Sue Rolando, the Cultural Arts Coordinator, began using Chill & Spill with the boys in her care.

“There’s an activity called “Action/Reaction” and it’s all about teaching kids how to identify their emotional triggers. I asked Ethan to diagram what makes him feel out of control both physically and emotionally.

“I remember, he wrote very little. Instead, he drew and colored a lot. To show how he felt before he hit someone, he ended up drawing fire coming out of his hands.”

Ethan had never realized that he had a burning sensation before he lost his temper. This was a huge revelation to him to be able to connect the tingling in his hands to the onset of a violent episode. It was Ethan’s first step toward gaining control of his anger.

“Before he didn’t know that he had a choice – someone made him mad, and he hit them. Now, he knew that he had choices.”

For Ethan, this meant the difference between going to jail or getting back on track.

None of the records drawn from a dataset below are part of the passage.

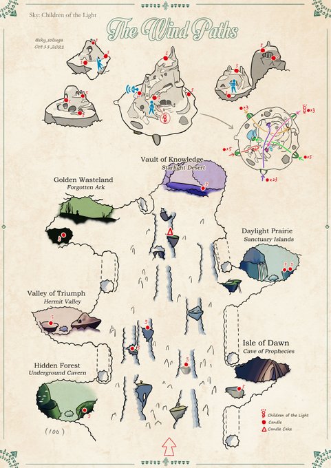 「風の街道」のマップ 以前描いた、2枚の地図を一枚に纏めました。 キャンドル数も記載 Wind Paths Map Season of Flight #thatskygame #SkyChildrenOfTheLight #sky星を紡ぐ子どもたち #sky地図 #羽ばたく季節 #風の街道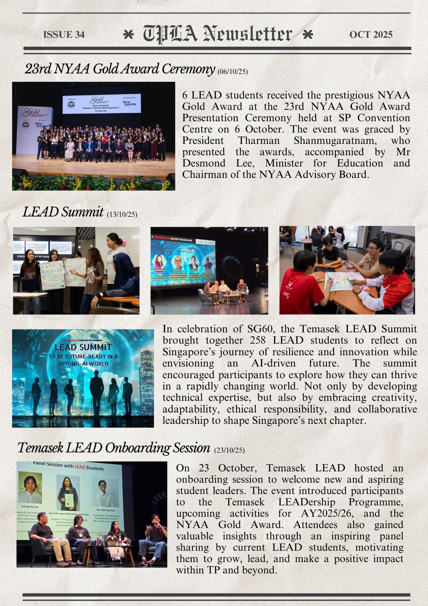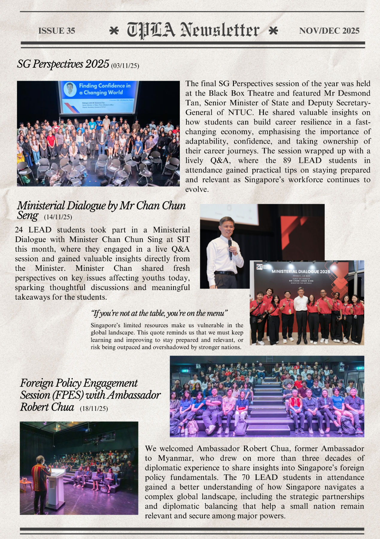 Check out our past and upcoming Temasek LEAD events through the monthly TPLA Newsletters. Enjoy reading and have fun participating!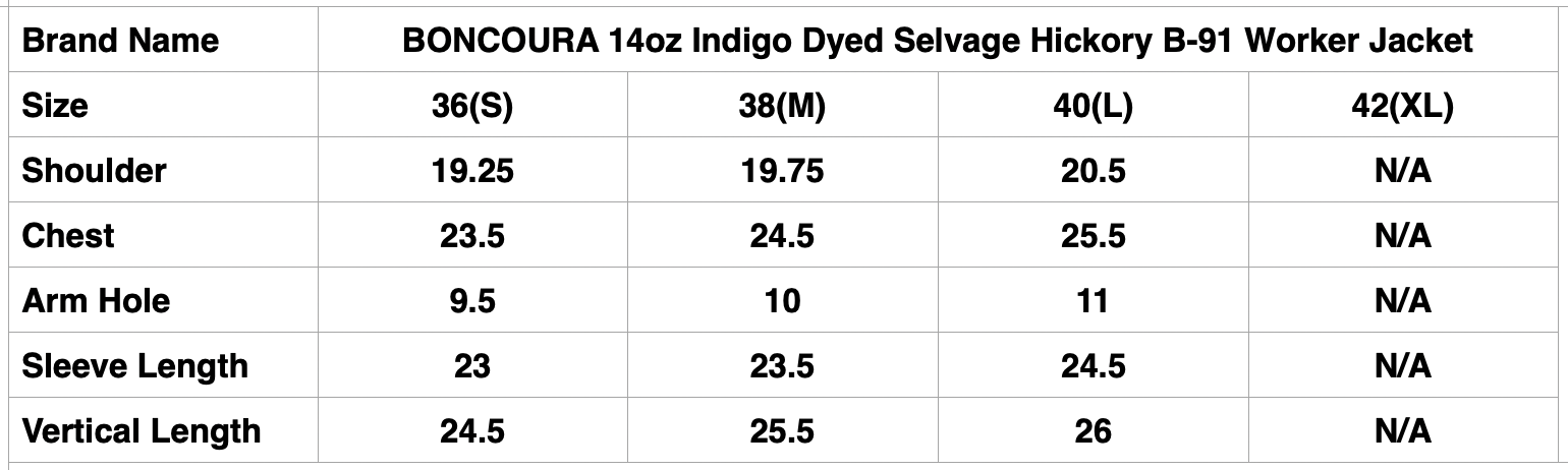 BONCOURA 14oz Indigo Dyed Selvage Hickory B-91 Worker Jacket

“It was like he was handed keys to the kingdom,” said Sue.

Through Chill & Spill, Ethan continued to learn more about his anger triggers, and how to express difficult emotions. The book was instrumental in allowing him to become aware of, express and manage his rage. For Ethan, this was life changing.

“I am happy to report that he was able to be reunited with his family and is now successfully living at home and doing well in school!”

NOTE: To protect the child’s identity\, names may or may not have been changed.